__WHAT TO PRODUCE__: With the pictures left out, reproduce exactly the lines from the one containing "ヘコむあだ名 | 『いまむらひでき(小並感)』『いまもー』 |" through the final line of the entries.

Dataset entries:
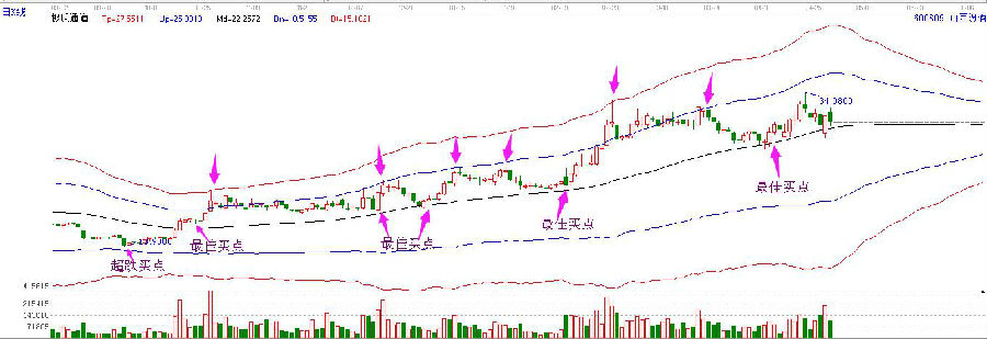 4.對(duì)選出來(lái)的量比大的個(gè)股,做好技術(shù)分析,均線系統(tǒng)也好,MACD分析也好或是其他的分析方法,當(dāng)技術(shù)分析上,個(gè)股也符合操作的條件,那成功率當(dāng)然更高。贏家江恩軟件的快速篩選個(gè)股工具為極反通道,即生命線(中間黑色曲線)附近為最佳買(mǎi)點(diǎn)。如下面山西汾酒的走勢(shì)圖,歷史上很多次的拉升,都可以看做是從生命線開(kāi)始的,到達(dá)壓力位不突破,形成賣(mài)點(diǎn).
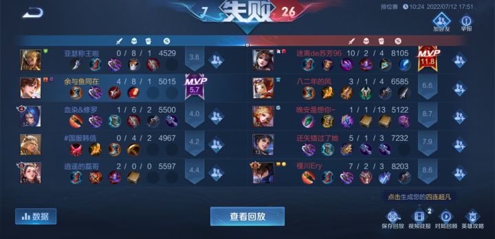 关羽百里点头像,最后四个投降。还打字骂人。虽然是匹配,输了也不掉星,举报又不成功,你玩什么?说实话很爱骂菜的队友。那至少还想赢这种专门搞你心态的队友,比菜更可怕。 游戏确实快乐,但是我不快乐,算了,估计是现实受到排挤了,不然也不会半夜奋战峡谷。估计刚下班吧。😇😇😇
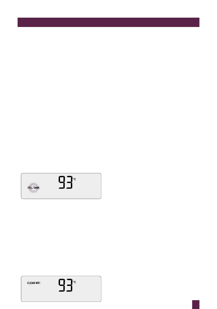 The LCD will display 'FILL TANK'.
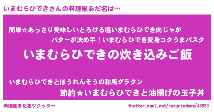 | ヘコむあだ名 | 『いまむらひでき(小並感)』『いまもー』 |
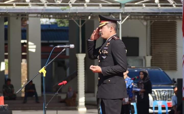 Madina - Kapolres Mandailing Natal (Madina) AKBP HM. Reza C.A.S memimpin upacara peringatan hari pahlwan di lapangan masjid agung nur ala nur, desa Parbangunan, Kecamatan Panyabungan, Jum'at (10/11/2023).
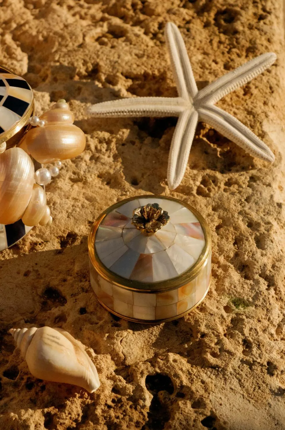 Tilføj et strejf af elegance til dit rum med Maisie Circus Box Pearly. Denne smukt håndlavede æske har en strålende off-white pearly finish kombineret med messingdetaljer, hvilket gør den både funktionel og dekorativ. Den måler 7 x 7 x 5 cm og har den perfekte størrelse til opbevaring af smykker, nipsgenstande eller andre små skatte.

__EXPECTED ANSWER__:
 | ヘコむあだ名 | 『いまむらひでき(小並感)』『いまもー』 |
 Madina - Kapolres Mandailing Natal (Madina) AKBP HM. Reza C.A.S memimpin upacara peringatan hari pahlwan di lapangan masjid agung nur ala nur, desa Parbangunan, Kecamatan Panyabungan, Jum'at (10/11/2023).
 Tilføj et strejf af elegance til dit rum med Maisie Circus Box Pearly. Denne smukt håndlavede æske har en strålende off-white pearly finish kombineret med messingdetaljer, hvilket gør den både funktionel og dekorativ. Den måler 7 x 7 x 5 cm og har den perfekte størrelse til opbevaring af smykker, nipsgenstande eller andre små skatte.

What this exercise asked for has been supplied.